The already high-profile Thomas hearings turned into a national sensation when Anita Hill, a former colleague of the judge, accused him of sexual harassment. She was hastily scheduled to speak before the committee and a riveted national audience. Mary remembered the scene:
I went to the Senate Caucus Room, where so many years before, I had seen Joseph R. McCarthy—who was to be much invoked again—for the first time. In those days the press tables were drawn right up beside the witnesses, and we could see the whites of their eyes and almost their tonsils. Through the years, we of what is called redundantly the “writing press” have been gradually moved back so that we only see the backs of their heads. It was all the way it had been when someone is about to lose or gain a reputation, and some tale of betrayal, chicanery, larceny or dirty pool was about to be revealed.
For Mary, conservative in all things sexual, Hill’s allegations were as damning as they were shocking. “It was as if a river of raw sewage had suddenly been unleashed in the marble chamber.” Mary thought Hill could not have be
en more credible: “Hill defended herself with poise and dignity. She walked proudly through the mire.”
In the middle of the hearings, Mary was scheduled to fly to Maine to spend the weekend with Newby Noyes to mark the tenth anniversary of the closing of the Washington Star.
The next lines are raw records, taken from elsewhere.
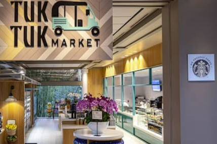 4 restaurants including Pier 8 Market, The Oasis Beach Bar, Starbucks, and Sunset Lounge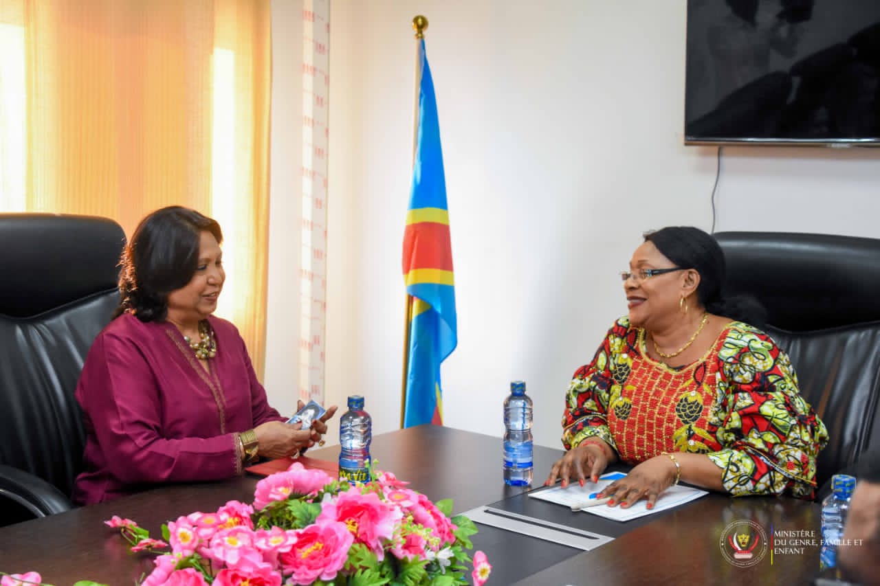 La Ministre du Genre, Famille et Enfant, Mireille Masangu Bibi Muloko a échangé, ce lundi 12 juin, dans son cabinet du travail, avec Madame Pramila Patten, Représentante spéciale du Secrétaire général des Nations-Unies chargée de la question des violences sexuelles commises en période de conflit.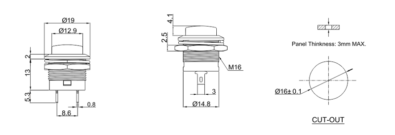 产品大小:安装孔16mm
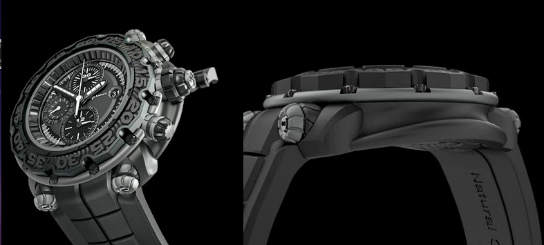 The Nubeo Black Mamba collection’s main draw, other than being backed by one of the NBA’s best, is its 131-component case. The Black Mamba features a 48 mm case made of titanium treated with DLC. The bezel is ceramic. Rubber is used on the crowns, pushers, and the strap. Water-resistance is 100 meters. Black Mamba watches start at $25,000.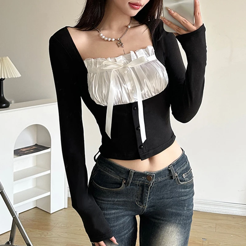 Sweet Contrast Pleated Satin Patchwork Cropped Top Women Coquette Slim-fit Knitted T-shirts Fall Spring Y2K Tops Kawaii

The clashing schedule was ironic given that it was Newby who had dispatched Mary to cover the Army-McCarthy hearings forty years before.
Mary decided that she would still leave. Surely President Bush would withdraw Thomas’s name as a result of Hill’s devastating testimony. Mary worked and reworked her Sunday column on the flight to Maine. Newby greeted Mary at the Bangor airport, saying, “I didn’t think you’d come.” If it had been anyone other than Newby, Mary probably wouldn’t have. Newby, his wife, Beppie, and Mary took a long walk by Frenchman’s Bay, reveling in the late-autumn colors and crisp air. As they stopped at a store, Mary noticed that virtually every car in the parking lot was listening to the hearings.
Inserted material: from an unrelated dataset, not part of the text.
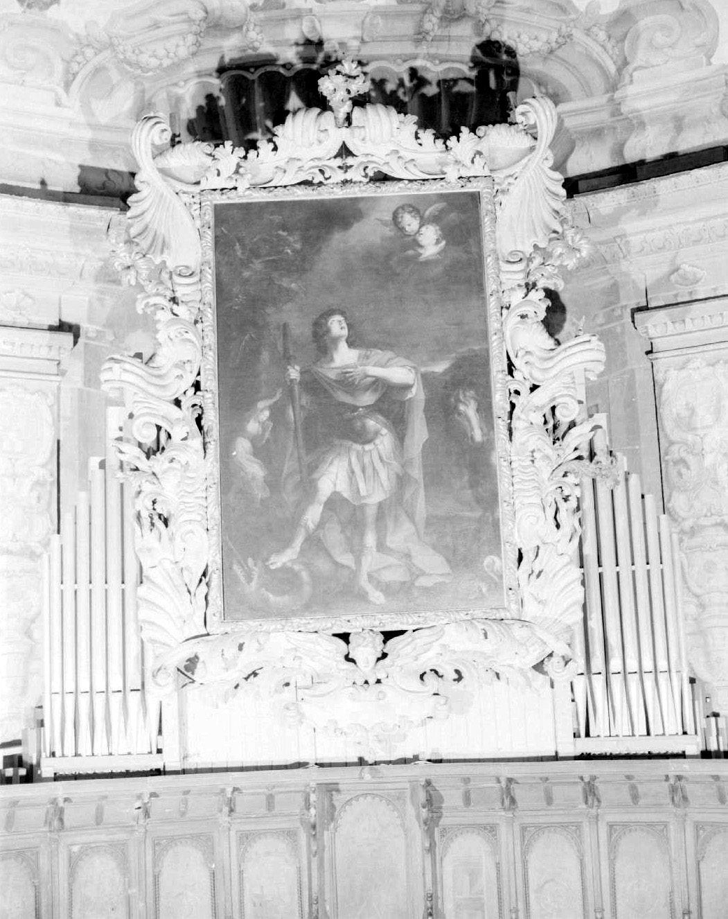 Ancona con pala d'altare caraterizzata una ricca decorazione a motivi vegetali, nella parte in basso al centro c'è una testina 'angelo tra le ali

When the White House decided to forge ahead with Thomas’s nomination, Mary found herself watching his testimony on television. Thomas was aggressive, declaring that God, not the Senate, was his judge. Mary and Newby agreed that the swipe would play well with a public that never thought much of Congress. Thomas claimed that Hill was lying and that the Senate was conducting “a high-tech lynching.” It was clear that Democrats had little stomach for the fight, although the evidence suggested that Thomas had indeed harassed a number of women and not just Hill.
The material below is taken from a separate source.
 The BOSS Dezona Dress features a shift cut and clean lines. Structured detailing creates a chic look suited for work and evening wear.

Mary, panicked that the hearings would drag on for days, booked an emergency flight back to Washington. She need not have bothered. Thomas had won the showdown. Mary graded the Democrats dismally: “a collection of damaged souls and swollen egos, who have found no cause larger than their next election.” She argued that it was also a powerful demonstration of why Republicans won elections: “The old CIA motto, ‘whatever is necessary,’ guides them. The Republican members of the Judiciary Committee got their marching orders and their script from the White House for the ferocious counterattack. . . . The Democrats never even caucused.”